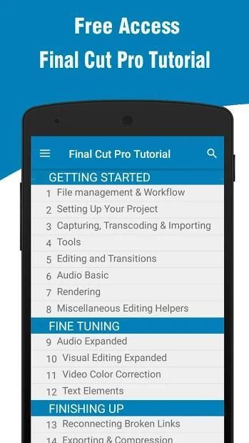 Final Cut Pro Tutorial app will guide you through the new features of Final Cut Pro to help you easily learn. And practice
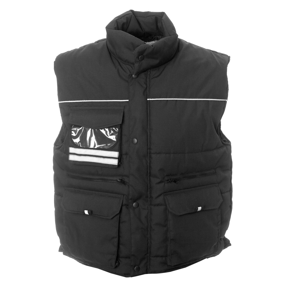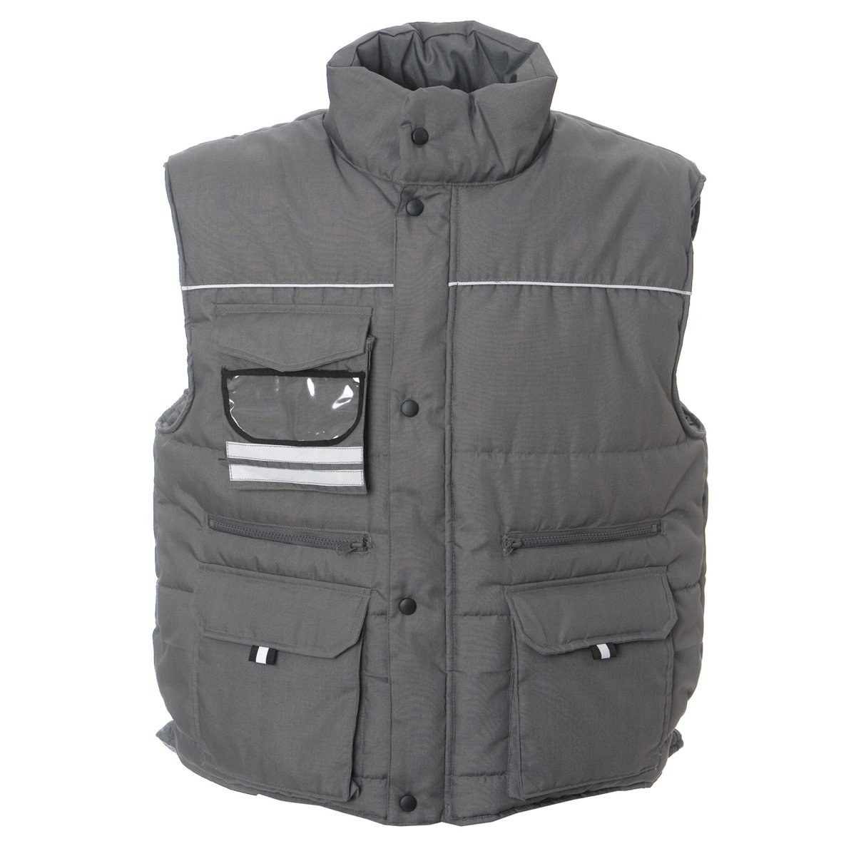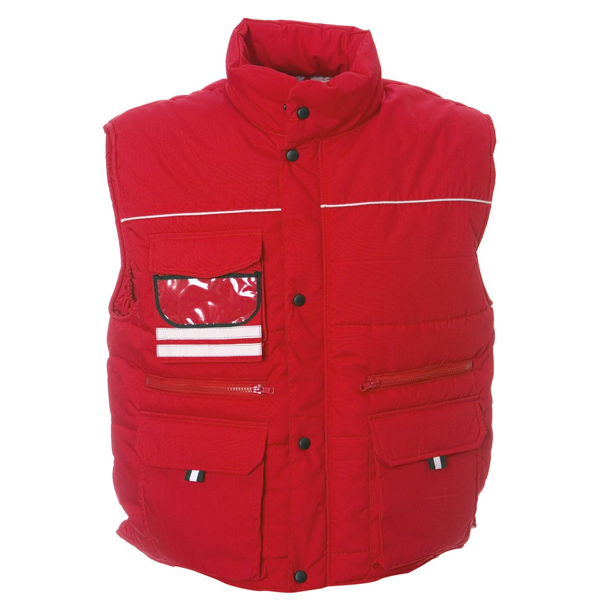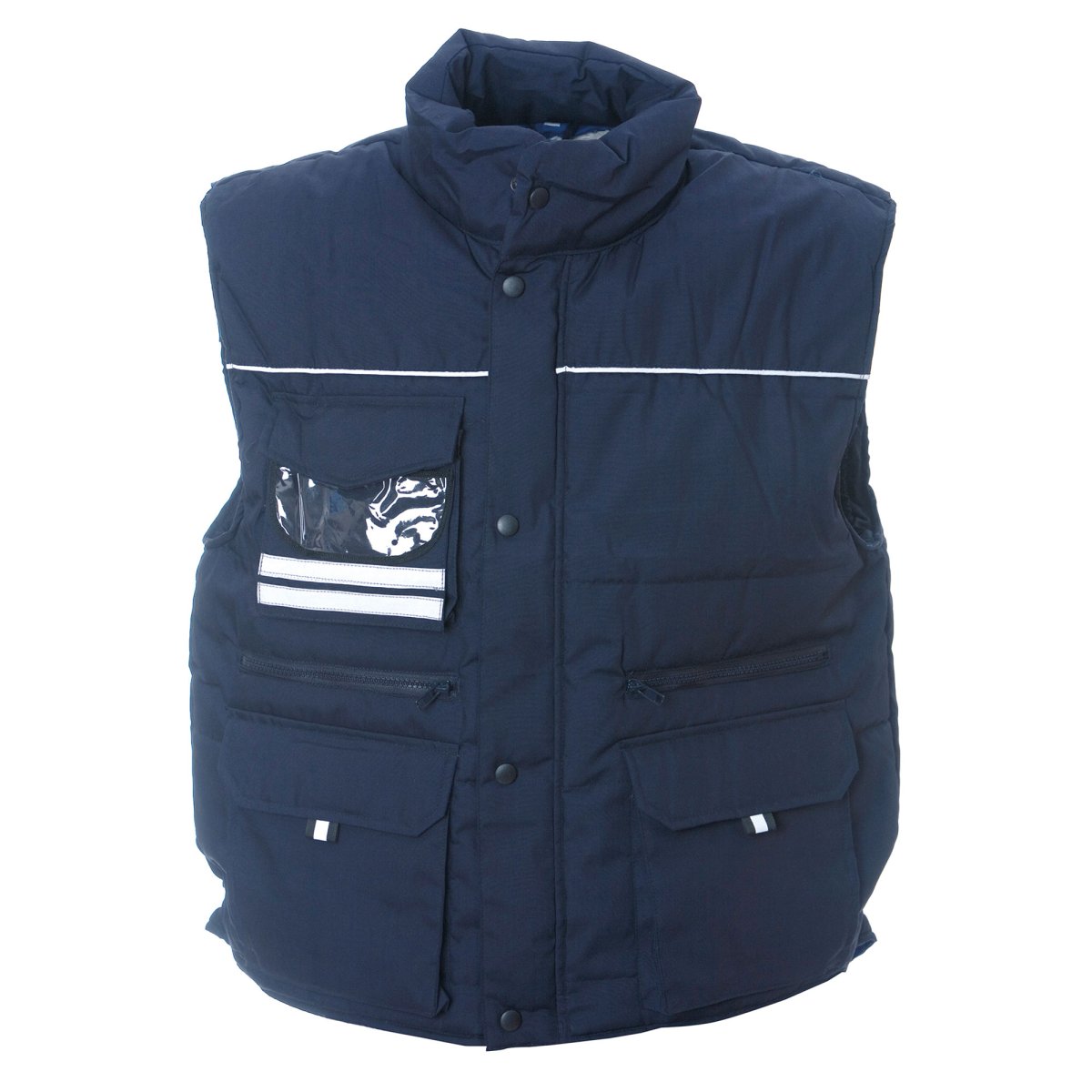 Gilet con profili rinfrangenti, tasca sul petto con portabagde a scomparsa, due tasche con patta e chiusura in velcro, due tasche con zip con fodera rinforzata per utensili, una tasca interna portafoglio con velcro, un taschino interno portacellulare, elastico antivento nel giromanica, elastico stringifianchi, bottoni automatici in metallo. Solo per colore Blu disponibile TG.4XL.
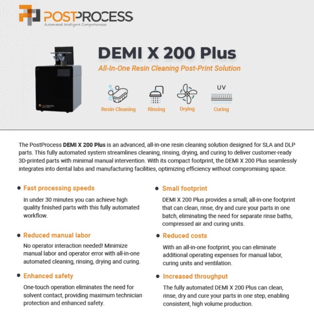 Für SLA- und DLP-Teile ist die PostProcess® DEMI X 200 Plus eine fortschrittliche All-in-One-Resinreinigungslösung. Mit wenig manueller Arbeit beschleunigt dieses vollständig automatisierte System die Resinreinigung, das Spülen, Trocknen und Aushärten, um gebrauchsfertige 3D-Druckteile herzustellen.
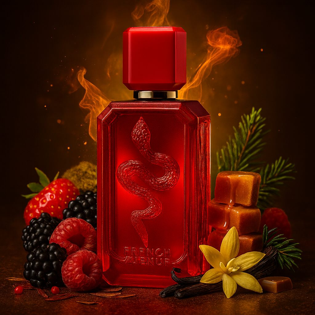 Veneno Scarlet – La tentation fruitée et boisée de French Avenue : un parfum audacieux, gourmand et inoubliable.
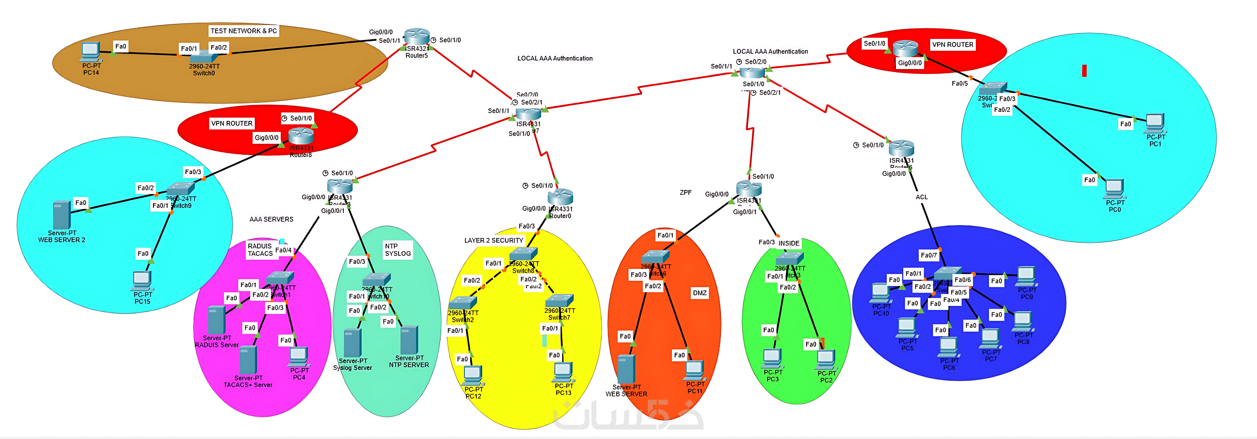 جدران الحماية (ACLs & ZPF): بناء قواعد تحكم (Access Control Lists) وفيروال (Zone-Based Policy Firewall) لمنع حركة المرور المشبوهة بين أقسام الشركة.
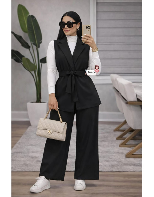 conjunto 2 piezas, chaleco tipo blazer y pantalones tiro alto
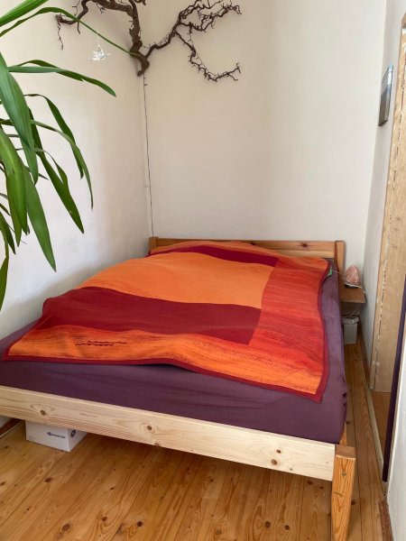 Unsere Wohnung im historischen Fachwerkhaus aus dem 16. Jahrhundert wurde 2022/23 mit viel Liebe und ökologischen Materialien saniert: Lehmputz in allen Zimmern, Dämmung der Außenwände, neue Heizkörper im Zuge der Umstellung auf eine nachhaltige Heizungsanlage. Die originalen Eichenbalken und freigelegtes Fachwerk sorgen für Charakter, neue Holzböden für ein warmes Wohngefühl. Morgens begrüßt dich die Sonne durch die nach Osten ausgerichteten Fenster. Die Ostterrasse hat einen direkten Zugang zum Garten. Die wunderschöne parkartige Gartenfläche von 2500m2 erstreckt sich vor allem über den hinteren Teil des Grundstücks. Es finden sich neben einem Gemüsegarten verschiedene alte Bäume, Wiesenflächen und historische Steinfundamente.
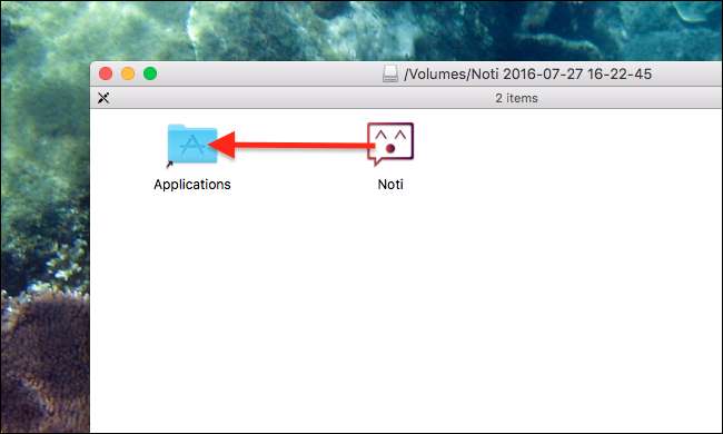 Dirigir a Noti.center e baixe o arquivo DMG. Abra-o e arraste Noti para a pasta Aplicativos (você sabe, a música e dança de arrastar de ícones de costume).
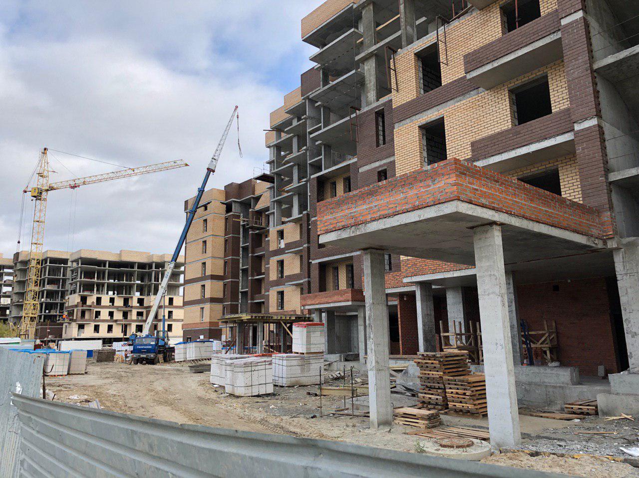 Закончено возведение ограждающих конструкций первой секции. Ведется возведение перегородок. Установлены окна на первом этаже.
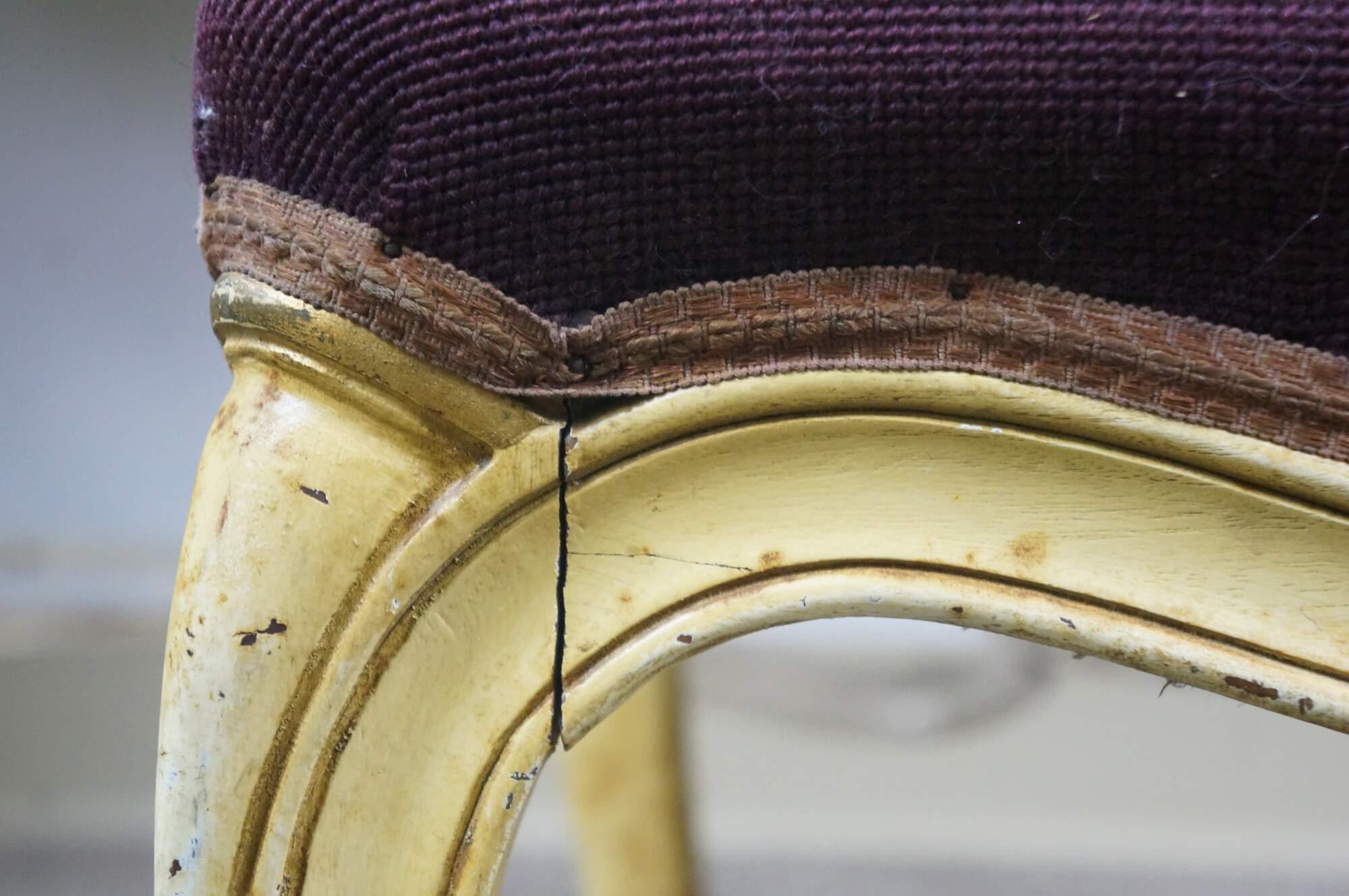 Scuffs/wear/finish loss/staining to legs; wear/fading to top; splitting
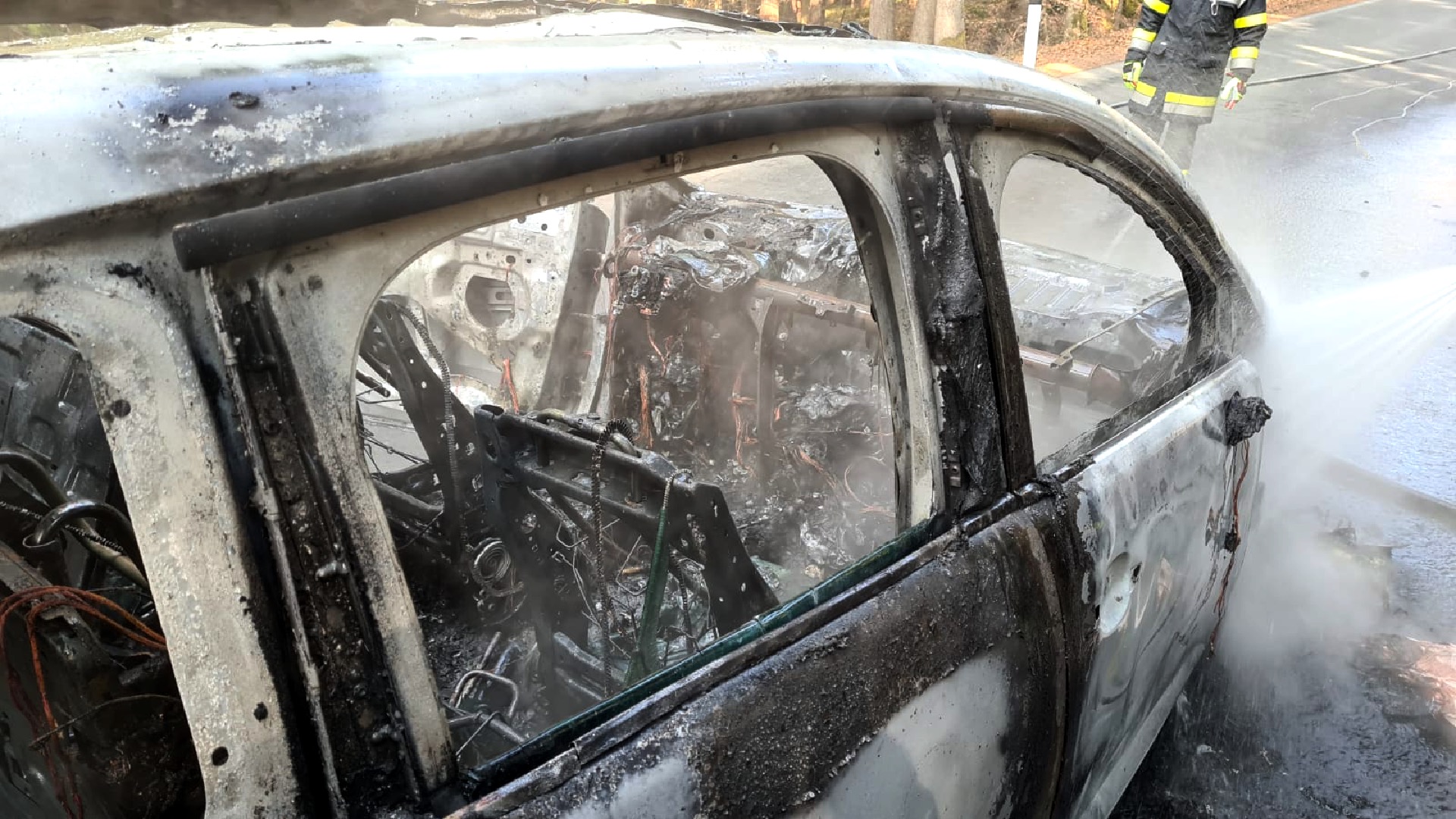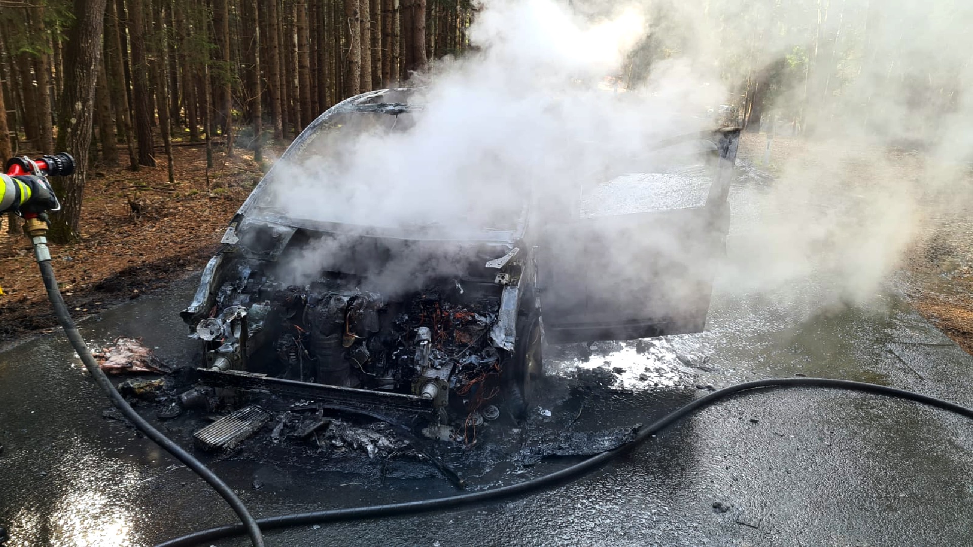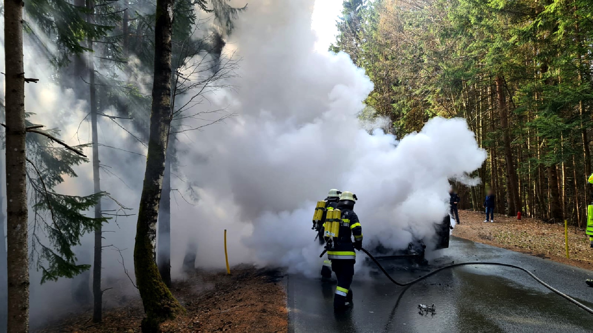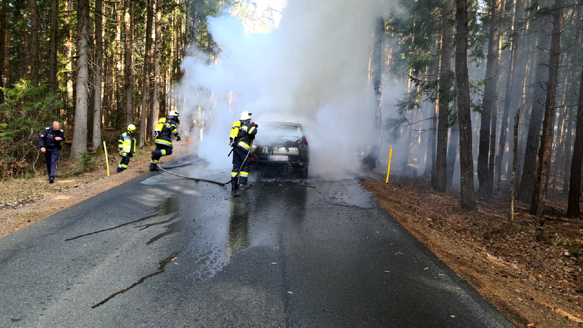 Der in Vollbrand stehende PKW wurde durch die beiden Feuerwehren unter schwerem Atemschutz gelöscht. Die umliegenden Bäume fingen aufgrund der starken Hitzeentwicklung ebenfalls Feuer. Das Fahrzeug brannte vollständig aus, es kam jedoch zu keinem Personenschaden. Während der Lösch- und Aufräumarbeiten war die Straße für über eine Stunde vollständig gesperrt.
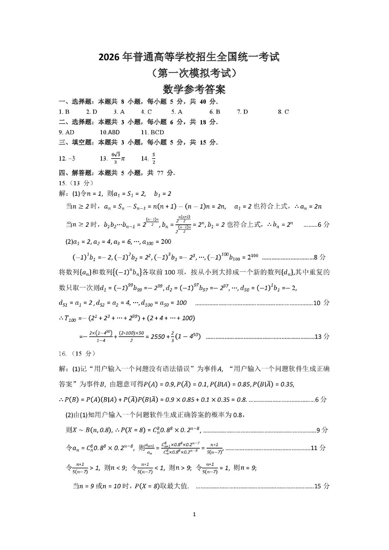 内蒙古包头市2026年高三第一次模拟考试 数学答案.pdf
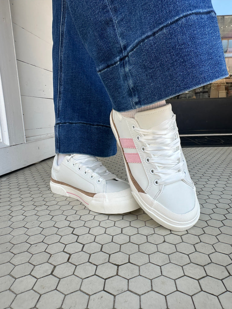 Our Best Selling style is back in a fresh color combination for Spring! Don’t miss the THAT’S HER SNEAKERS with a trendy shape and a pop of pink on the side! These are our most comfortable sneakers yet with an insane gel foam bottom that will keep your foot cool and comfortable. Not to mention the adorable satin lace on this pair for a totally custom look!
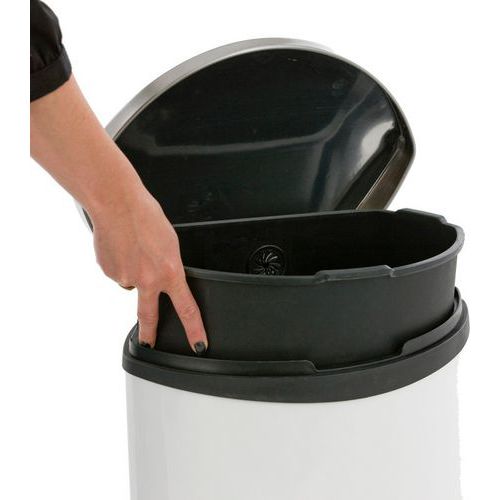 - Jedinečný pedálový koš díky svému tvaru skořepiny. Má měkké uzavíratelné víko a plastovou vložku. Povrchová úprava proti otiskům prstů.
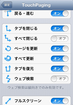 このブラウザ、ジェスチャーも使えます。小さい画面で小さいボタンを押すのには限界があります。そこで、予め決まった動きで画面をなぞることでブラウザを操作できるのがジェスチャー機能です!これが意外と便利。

Exercise directions -
Reproduce the material above from its first line through the line containing "Gilet con profili", both ends included, and skip every picture.

Output of the task -
 Final Cut Pro Tutorial app will guide you through the new features of Final Cut Pro to help you easily learn. And practice
 Gilet con profili rinfrangenti, tasca sul petto con portabagde a scomparsa, due tasche con patta e chiusura in velcro, due tasche con zip con fodera rinforzata per utensili, una tasca interna portafoglio con velcro, un taschino interno portacellulare, elastico antivento nel giromanica, elastico stringifianchi, bottoni automatici in metallo. Solo per colore Blu disponibile TG.4XL.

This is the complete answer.